* [Your task]: From the line with "The Test Mode" through the line with "伴著悠揚(yáng)動(dò", repeat the entries verbatim, both end lines included, and add nothing.

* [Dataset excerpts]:
┄┄┄┄┄┄┄┄┄┄

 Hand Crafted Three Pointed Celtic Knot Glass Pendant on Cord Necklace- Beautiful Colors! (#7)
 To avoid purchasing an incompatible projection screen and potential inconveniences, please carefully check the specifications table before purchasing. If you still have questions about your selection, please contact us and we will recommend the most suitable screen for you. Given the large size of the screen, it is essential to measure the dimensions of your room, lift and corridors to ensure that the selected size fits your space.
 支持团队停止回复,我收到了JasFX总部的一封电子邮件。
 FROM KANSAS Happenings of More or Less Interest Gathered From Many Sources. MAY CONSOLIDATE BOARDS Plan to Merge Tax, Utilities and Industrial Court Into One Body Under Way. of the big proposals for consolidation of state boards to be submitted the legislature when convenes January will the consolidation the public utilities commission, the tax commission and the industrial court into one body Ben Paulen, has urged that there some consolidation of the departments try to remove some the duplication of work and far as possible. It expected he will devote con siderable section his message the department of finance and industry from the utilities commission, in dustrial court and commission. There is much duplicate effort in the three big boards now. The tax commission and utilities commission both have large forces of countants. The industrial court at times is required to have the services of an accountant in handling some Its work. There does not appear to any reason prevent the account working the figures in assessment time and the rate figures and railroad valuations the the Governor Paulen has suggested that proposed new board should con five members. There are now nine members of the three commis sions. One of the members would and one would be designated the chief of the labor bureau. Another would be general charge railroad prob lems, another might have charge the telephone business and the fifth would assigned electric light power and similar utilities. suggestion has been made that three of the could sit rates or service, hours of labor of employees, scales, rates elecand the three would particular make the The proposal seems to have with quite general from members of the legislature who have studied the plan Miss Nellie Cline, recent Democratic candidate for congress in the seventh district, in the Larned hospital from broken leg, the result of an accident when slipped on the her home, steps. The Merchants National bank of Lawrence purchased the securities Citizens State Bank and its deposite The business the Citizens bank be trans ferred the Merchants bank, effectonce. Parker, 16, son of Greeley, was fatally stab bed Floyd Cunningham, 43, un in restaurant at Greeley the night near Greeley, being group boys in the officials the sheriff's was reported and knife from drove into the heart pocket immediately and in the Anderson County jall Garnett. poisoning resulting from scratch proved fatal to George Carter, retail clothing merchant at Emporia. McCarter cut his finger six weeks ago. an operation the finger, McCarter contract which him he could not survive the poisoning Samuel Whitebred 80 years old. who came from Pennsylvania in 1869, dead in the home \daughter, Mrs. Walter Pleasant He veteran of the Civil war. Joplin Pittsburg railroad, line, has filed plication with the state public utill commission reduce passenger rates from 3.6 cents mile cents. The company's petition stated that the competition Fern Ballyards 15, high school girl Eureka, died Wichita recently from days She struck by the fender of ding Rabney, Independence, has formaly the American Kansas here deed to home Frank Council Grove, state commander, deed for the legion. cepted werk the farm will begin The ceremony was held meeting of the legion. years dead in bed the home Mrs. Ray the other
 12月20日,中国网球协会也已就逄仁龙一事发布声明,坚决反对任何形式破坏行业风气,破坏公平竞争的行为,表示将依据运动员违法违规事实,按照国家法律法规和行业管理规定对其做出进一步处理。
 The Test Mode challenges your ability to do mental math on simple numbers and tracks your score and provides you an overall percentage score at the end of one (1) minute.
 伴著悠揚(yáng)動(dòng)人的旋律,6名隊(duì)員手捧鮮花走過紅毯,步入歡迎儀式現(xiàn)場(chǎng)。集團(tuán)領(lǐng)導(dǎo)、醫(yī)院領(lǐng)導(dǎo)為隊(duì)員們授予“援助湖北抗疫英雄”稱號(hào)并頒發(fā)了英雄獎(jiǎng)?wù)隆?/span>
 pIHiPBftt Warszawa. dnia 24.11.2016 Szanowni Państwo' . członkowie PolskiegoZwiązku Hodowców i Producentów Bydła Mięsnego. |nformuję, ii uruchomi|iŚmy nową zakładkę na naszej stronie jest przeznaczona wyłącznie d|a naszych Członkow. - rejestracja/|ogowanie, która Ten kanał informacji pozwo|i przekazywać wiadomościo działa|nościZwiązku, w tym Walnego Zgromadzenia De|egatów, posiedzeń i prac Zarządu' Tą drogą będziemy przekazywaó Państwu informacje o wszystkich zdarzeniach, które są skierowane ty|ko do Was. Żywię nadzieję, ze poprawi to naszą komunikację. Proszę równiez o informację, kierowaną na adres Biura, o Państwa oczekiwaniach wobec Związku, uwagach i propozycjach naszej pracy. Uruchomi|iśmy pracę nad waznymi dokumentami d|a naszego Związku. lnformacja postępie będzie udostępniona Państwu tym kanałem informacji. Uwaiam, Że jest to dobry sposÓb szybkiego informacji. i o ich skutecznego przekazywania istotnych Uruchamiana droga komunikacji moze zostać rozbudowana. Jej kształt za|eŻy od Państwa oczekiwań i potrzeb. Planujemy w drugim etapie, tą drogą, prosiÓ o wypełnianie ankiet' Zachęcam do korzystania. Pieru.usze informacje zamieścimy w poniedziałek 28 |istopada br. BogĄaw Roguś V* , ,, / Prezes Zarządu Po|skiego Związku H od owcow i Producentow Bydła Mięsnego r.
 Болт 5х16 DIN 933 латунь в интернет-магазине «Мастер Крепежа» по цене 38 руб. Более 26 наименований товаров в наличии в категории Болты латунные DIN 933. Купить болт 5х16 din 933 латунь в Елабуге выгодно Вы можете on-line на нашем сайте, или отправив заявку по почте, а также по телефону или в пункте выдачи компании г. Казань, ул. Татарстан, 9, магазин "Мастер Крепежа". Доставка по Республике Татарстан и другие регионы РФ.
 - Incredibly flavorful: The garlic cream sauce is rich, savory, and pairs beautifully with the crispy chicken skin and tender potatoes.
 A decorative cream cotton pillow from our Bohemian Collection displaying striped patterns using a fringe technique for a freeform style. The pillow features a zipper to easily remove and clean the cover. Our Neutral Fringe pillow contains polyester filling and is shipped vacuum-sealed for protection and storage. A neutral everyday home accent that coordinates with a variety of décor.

┄┄┄┄┄┄┄┄┄┄

* [Exercise result]:
 The Test Mode challenges your ability to do mental math on simple numbers and tracks your score and provides you an overall percentage score at the end of one (1) minute.
 伴著悠揚(yáng)動(dòng)人的旋律,6名隊(duì)員手捧鮮花走過紅毯,步入歡迎儀式現(xiàn)場(chǎng)。集團(tuán)領(lǐng)導(dǎo)、醫(yī)院領(lǐng)導(dǎo)為隊(duì)員們授予“援助湖北抗疫英雄”稱號(hào)并頒發(fā)了英雄獎(jiǎng)?wù)隆?/span>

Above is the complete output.